На пустыре, где прежде высился театр, увидела она человека в ополченском мундире. Человек этот плакал. Плакал, будто на чьей-то могиле, будто проливал слезы о самом дорогом и близком. И Санька его узнала. Александр Александрович, князь Шаховской – вот кто был этот человек! И лысая голова была его, и длинный нос был его. Тонким голосом он повторял:
– И это все, что осталось от милого нашего Арбатского театра? Одни головешки, покрытые снегом… Проклятая война! Проклятые французы!
Санька, дивясь своей отваге, подошла к нему, окликнула:
– Александр Алексаныч…
Шаховской утер глаза, посмотрел на ободранную, в нищенской одежде Саньку.
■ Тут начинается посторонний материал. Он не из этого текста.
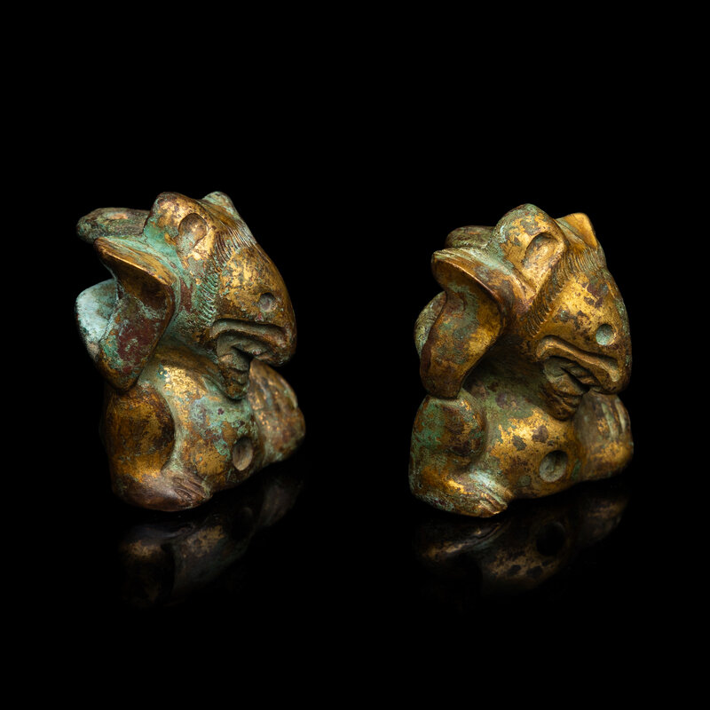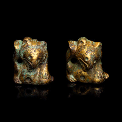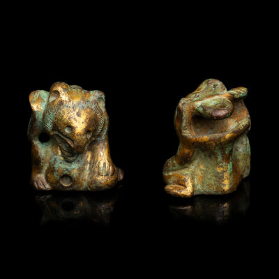 A Pair of Small Chinese Gilt Bronze Bear-Form Supports, Han Dynasty

Сурово сказал ей:
– Нет у меня хлеба…
В тот первый день все побирались. Оголодавшие жители, те немногие, кто оставался при французах в Москве, выпрашивали хлеб у своих, русских солдат. И ломоть ржаного хлеба не только утолял голод, но вселял в каждого уверенность, что лихие дни миновали, что бедствие, которое обрушилось на Москву, ушло и никогда не возвратится.
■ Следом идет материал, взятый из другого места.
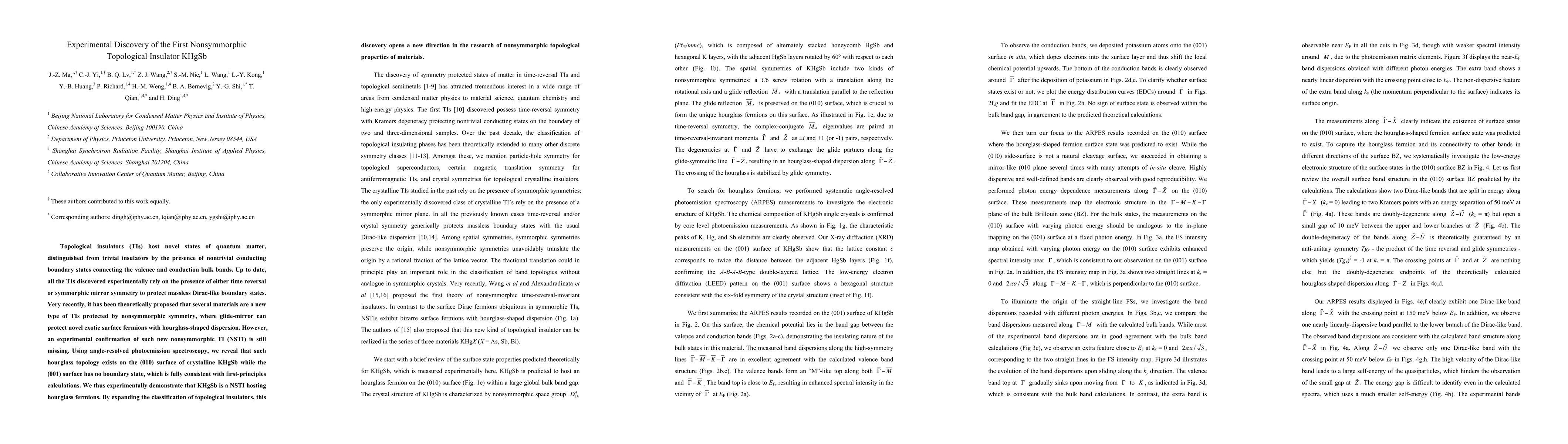 This paper reports the first experimental discovery of KHgSb, a nonsymmorphic topological insulator (NSTI), confirmed via angle-resolved photoemission spectroscopy. The (010) surface of KHgSb exhibits hourglass-shaped exotic surface fermions, expanding the classification of topological insulators.

В тот день – впервые за тридцать девять суток – сперва на одном конце Москвы, потом на другом, а там со всех уцелевших колоколен раздался звон: Москва радовалась и благословляла возвращение русских войск…
– Не признали меня, батюшка Александр Алексаныч? – подойдя еще ближе к Шаховскому, спросила Саня.
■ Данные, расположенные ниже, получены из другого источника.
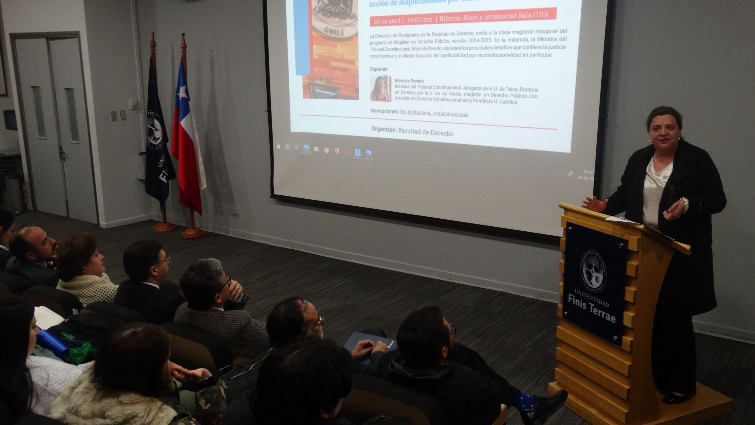 Con la presencia del decano de la Facultad de Derecho de la Universidad Finis Terrae, doctor Ignacio Covarrubias Cuevas; el director de la Escuela de Derecho, Marco Antonio Navarro Galaz; el director de Postgrados, doctor Alejandro Leiva López y el director académico del Magíster de Derecho Público de nuestra Facultad, Enrique Navarro Beltrán, se realizó la inauguración de la decimoquinta versión de dicho programa de magíster con la charla “Desafíos de la justicia constitucional: acción de inaplicabilidad por inconstitucionalidad”, a cargo de la ministra del Tribunal Constitucional y académica de la Pontificia Universidad Católica de Chile, doctora Marcela Peredo Rojas.

Да где ж ему было признать в этой худой, посиневшей от стужи, почерневшей от невзгод и голода девочке прежнюю Саньку со смуглым румянцем на тугих щеках, с веселым блеском лукавых глаз?
Когда Санька напомнила ему о себе, Шаховской вдруг воскликнул:
– Так это ты, воструха? Как же, как же… Уж очень ты нас с Петром Алексеевичем удивила. Такой ловкий фортель выкинула…
Фортель? Нет, об этом Саня забыла. Вот ту полтину, с которой все началось… Вот о полтине не забыла!
О многом вспомнили они, стоя у сгоревшего Арбатского театра. Потом Шаховской грустно сказал:
– Пошли отсюда, Саня. Невмоготу мне здесь…
Тогда же Саня рассказала ему и о последней встрече с Петром Алексеевичем Плавильщиковым. Рассказала и о том, что обещал Плавильщиков учить ее, Саню, актерскому искусству.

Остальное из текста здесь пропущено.